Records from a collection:
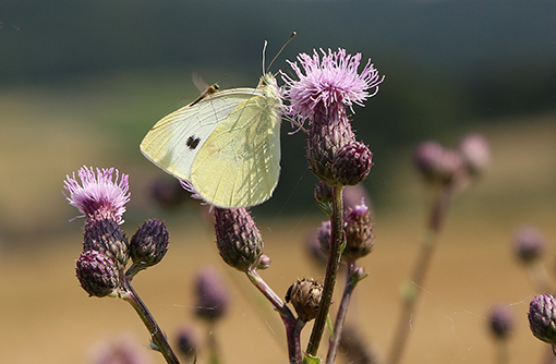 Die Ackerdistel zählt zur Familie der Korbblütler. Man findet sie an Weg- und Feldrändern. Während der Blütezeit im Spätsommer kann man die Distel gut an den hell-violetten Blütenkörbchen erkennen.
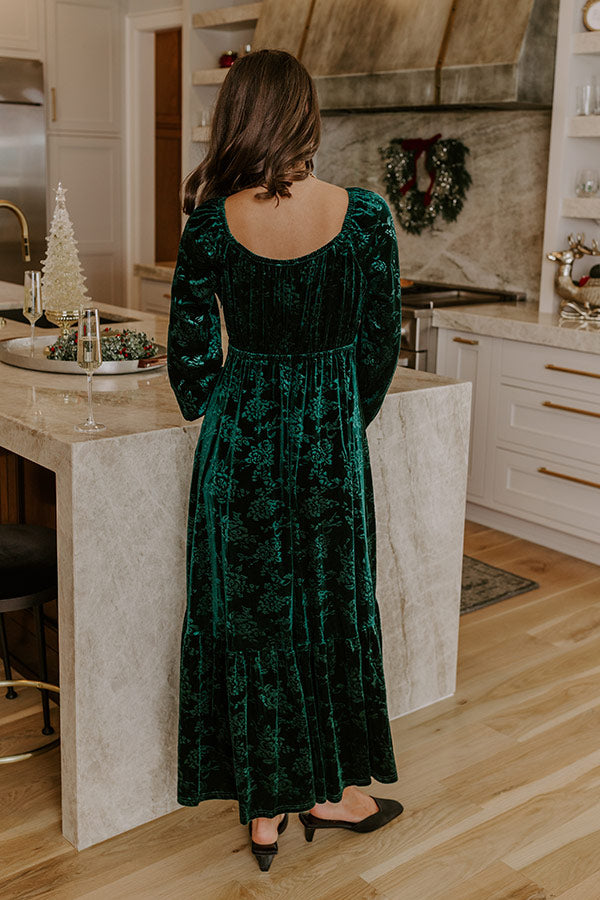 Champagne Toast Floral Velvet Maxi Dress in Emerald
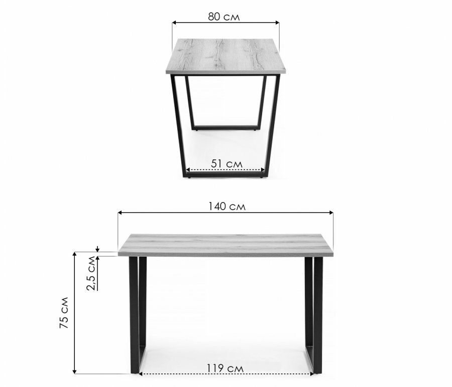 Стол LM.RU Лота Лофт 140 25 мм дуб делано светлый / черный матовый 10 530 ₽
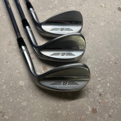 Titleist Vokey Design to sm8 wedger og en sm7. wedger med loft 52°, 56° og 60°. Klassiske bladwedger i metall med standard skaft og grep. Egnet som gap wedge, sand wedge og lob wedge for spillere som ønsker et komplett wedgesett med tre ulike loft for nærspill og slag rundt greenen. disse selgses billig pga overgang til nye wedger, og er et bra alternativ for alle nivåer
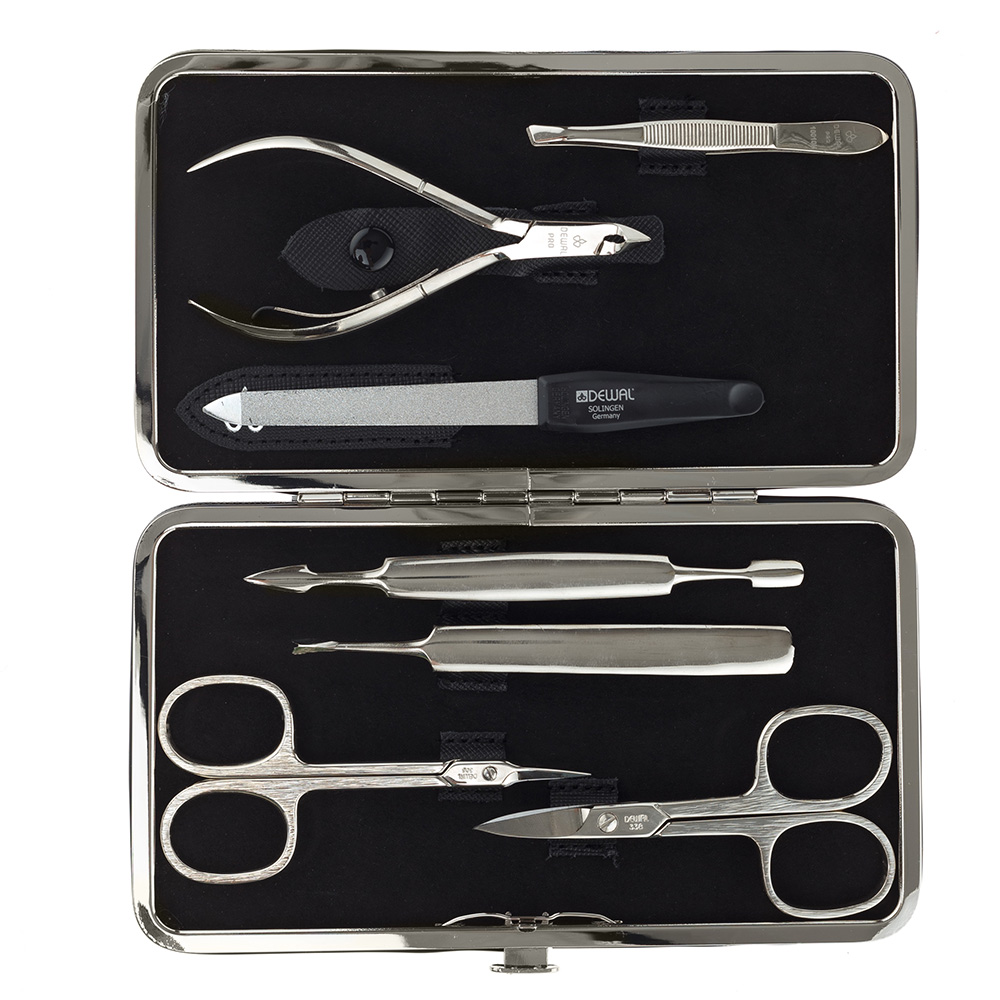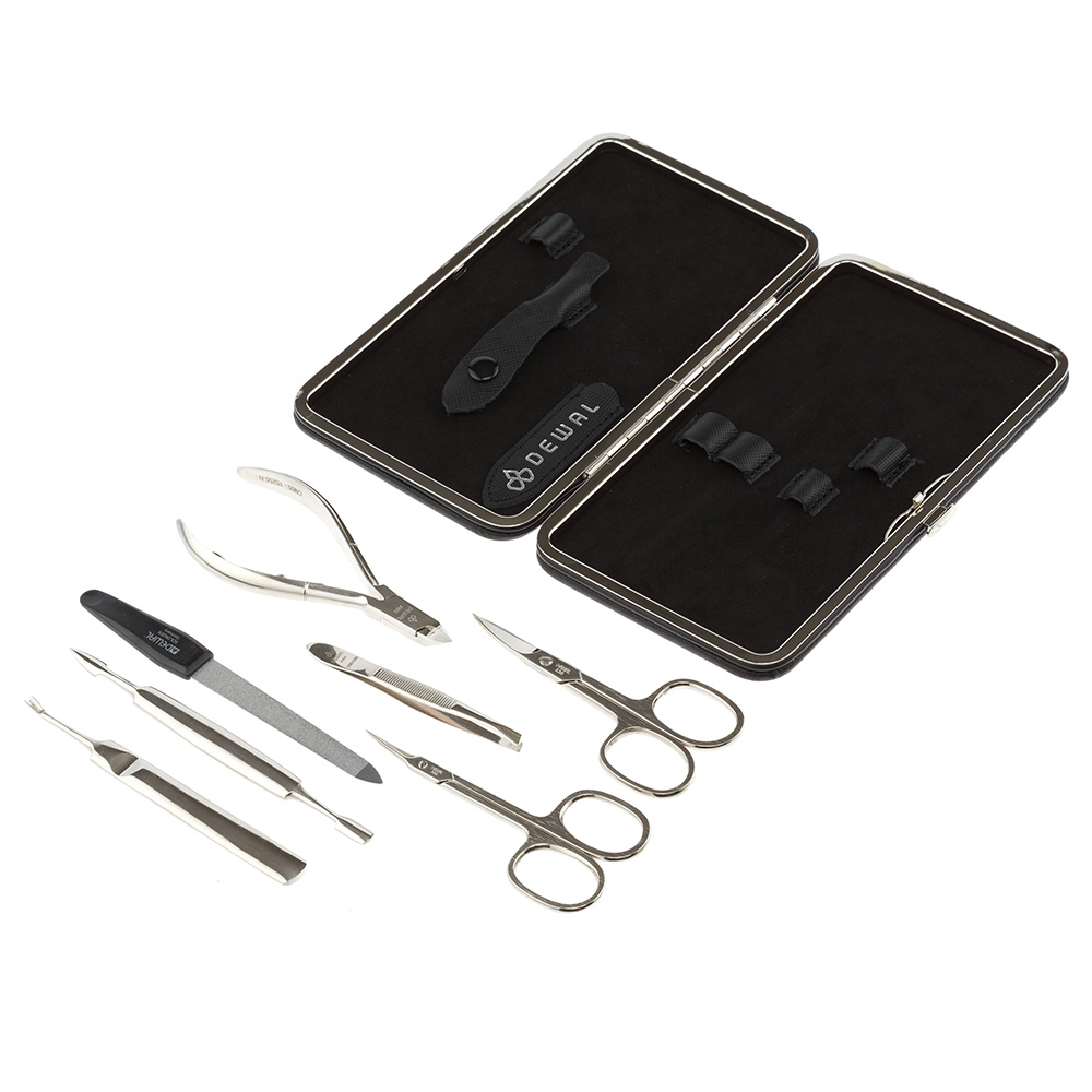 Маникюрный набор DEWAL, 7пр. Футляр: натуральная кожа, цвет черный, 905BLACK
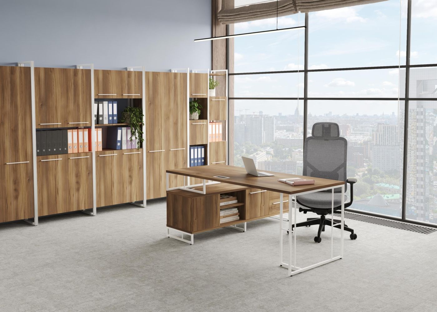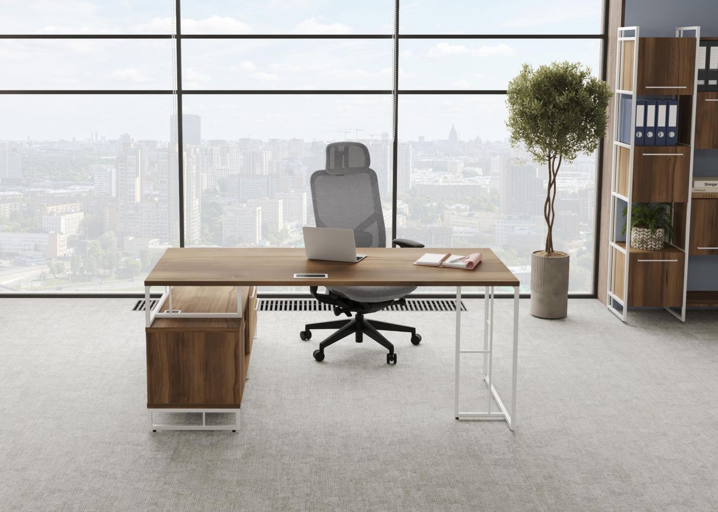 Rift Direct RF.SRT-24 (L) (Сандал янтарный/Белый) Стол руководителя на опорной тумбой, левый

*ACTIVITY:* Pictures excluded, set down all the entries exactly.

*RESULT BELOW:*
 Die Ackerdistel zählt zur Familie der Korbblütler. Man findet sie an Weg- und Feldrändern. Während der Blütezeit im Spätsommer kann man die Distel gut an den hell-violetten Blütenkörbchen erkennen.
 Champagne Toast Floral Velvet Maxi Dress in Emerald
 Стол LM.RU Лота Лофт 140 25 мм дуб делано светлый / черный матовый 10 530 ₽
 Titleist Vokey Design to sm8 wedger og en sm7. wedger med loft 52°, 56° og 60°. Klassiske bladwedger i metall med standard skaft og grep. Egnet som gap wedge, sand wedge og lob wedge for spillere som ønsker et komplett wedgesett med tre ulike loft for nærspill og slag rundt greenen. disse selgses billig pga overgang til nye wedger, og er et bra alternativ for alle nivåer
 Маникюрный набор DEWAL, 7пр. Футляр: натуральная кожа, цвет черный, 905BLACK
 Rift Direct RF.SRT-24 (L) (Сандал янтарный/Белый) Стол руководителя на опорной тумбой, левый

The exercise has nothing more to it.